• _THE PROBLEM_:
Below is a listing; print exactly its lines from the one containing "In den Petromax" down to the one containing "Flat-soled pointed toe", both inclusive, with every picture left out.

• _DATA FOR THE TASK_:

*** Begin section ***

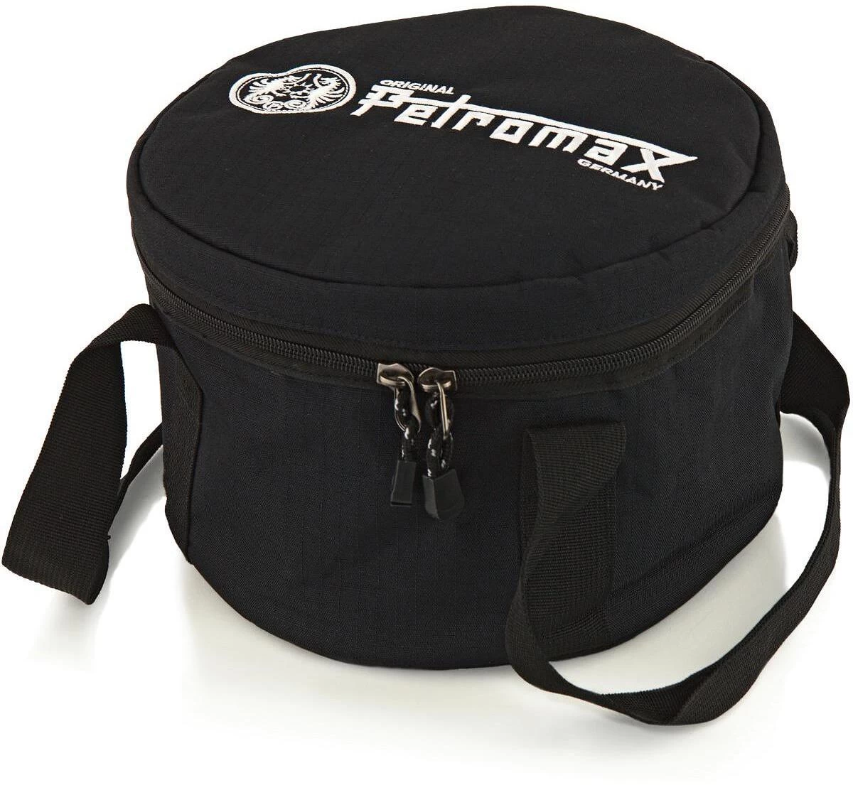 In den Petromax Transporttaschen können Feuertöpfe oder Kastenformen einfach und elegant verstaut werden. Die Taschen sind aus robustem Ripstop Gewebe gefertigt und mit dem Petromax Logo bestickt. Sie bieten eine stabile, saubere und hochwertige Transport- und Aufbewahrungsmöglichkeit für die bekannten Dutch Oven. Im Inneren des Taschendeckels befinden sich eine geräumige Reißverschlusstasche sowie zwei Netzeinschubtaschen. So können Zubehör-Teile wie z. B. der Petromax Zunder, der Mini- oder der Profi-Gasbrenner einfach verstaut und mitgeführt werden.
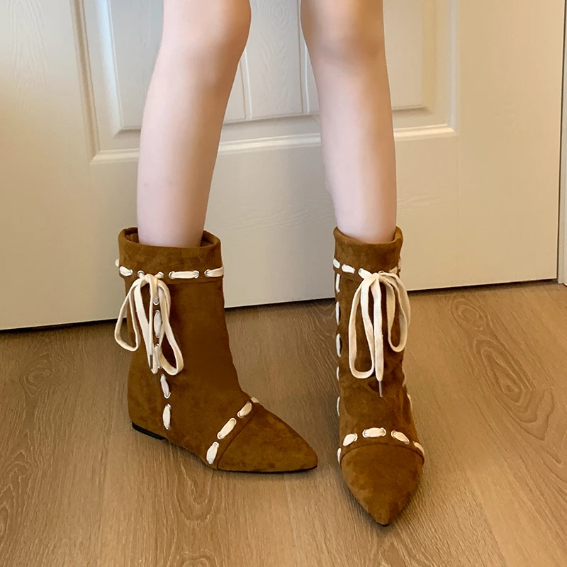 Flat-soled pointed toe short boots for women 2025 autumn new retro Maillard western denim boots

*** End section ***
*** Begin section ***

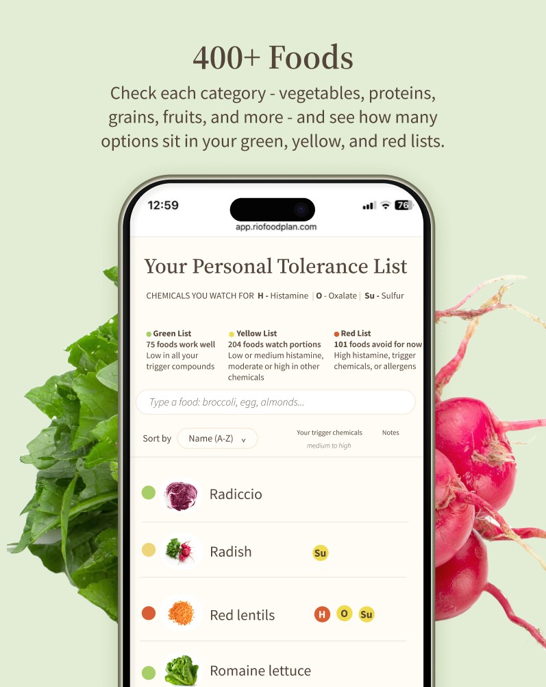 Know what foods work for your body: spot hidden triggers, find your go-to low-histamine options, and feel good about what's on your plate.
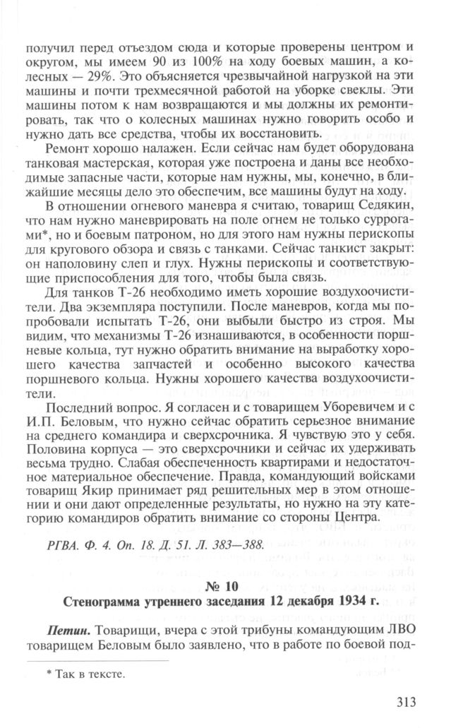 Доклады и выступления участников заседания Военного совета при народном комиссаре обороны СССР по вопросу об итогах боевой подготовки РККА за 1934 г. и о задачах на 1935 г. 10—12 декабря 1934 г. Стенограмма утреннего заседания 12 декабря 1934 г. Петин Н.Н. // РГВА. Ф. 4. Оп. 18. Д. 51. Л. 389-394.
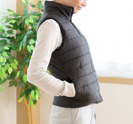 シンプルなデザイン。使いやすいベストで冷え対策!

*** End section ***

• _TASK ANSWER_:
 In den Petromax Transporttaschen können Feuertöpfe oder Kastenformen einfach und elegant verstaut werden. Die Taschen sind aus robustem Ripstop Gewebe gefertigt und mit dem Petromax Logo bestickt. Sie bieten eine stabile, saubere und hochwertige Transport- und Aufbewahrungsmöglichkeit für die bekannten Dutch Oven. Im Inneren des Taschendeckels befinden sich eine geräumige Reißverschlusstasche sowie zwei Netzeinschubtaschen. So können Zubehör-Teile wie z. B. der Petromax Zunder, der Mini- oder der Profi-Gasbrenner einfach verstaut und mitgeführt werden.
 Flat-soled pointed toe short boots for women 2025 autumn new retro Maillard western denim boots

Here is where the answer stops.